Farmer John has made a list of Q (1 ≤ Q ≤ 30) potential groups of cows and their heights (1 ≤ height ≤ 1,000,000). For each group, he wants your help to determine the difference in height between the shortest and the tallest cow in the group.
输入:
Line 1: Two space-separated integers, N and Q.

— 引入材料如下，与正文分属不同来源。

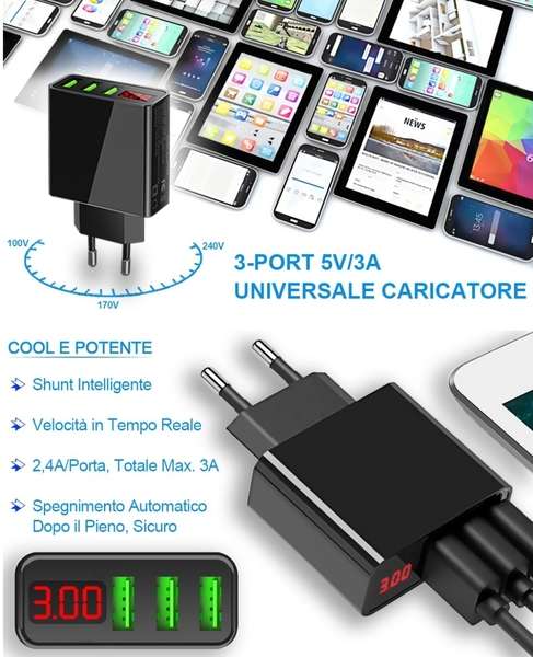 Avrai poi a disposizione ben tre porte USB A e questo ti permetterà di ricaricare senza troppi problemi fino a tre dispositivi. Il caricatore è inoltre conforme agli standard CE, CCC, FCC e ROHS e dispone della protezione multipla contro sovraccarico e cortocircuito. Previene infatti efficacemente possibili danni ai dispositivi carichi. Presenta poi un design elegante e compatto e questo lo rende adatto per qualsiasi contesto.

Lines 2..N+1: Line i+1 contains a single integer that is the height of cow i
Lines N+2..N+Q+1: Two integers A and B (1 ≤ A ≤ B ≤ N), representing the range of cows from A to B inclusive.
输出:
Lines 1..Q: Each line contains a single integer that is a response to a reply and indicates the difference in height between the tallest and shortest cow in the range.
示例1:
输入:
6 3 1 7 3 4 2 5 1 5 4 6 2 2
输出:
6 3 0
思路:
本题其实也就是用到了上述线段树的思想,找出最大值与最小值进行求差。
代码:
#include<bits/stdc++.h>
using namespace std;
int tree1[400005];//最大值
int tree2[400005];//最小值
void build(int p,int pl,int pr)
{
if(pl == pr)
{
cin >> tree1[p];
tree2[p] = tree1[p];
return;
}
int mid = (pl + pr) >> 1;
build(p<<1,pl,mid);
build(p<<1|1,mid + 1,pr);
tree1[p] = max(tree1[p<<1],tree1[p<<1|1]);
tree2[p] = min(tree2[p<<1],tree2[p<<1|1]);
}
int querymax(int L,int R,int p,int pl,int pr)//查询最大值
{
if(L <= pl && R >= pr) {
return tree1[p];
}
int mid = (pl + pr) >> 1;
int ans=0;
if(L <= mid) {
ans=max(ans,querymax(L,R,p<<1,pl,mid));
}
if(R > mid) {
ans=max(ans,querymax(L,R,p<<1|1,mid + 1,pr));
}
return ans;
}
int querymin(int L,int R,int p,int pl,int pr)//查询最小值
{
if(L <= pl && R >= pr) {
return tree2[p];
}
int mid = (pl + pr) >> 1;
int ans=1000001;
if(L <= mid) {
ans=min(ans,querymin(L,R,p<<1,pl,mid));
}
if(R > mid) {
ans=min(ans,querymin(L,R,p<<1|1,mid + 1,pr));
}
return ans;
}
int main()
{
int n,m,s,e;
cin >> n >> m;
build(1,1,n);
for(int i = 1; i <= m; i++)
{
cin >> s >> e;
cout << querymax(s,e,1,1,n)-querymin(s,e,1,1,n) << endl;
}
return 0;
}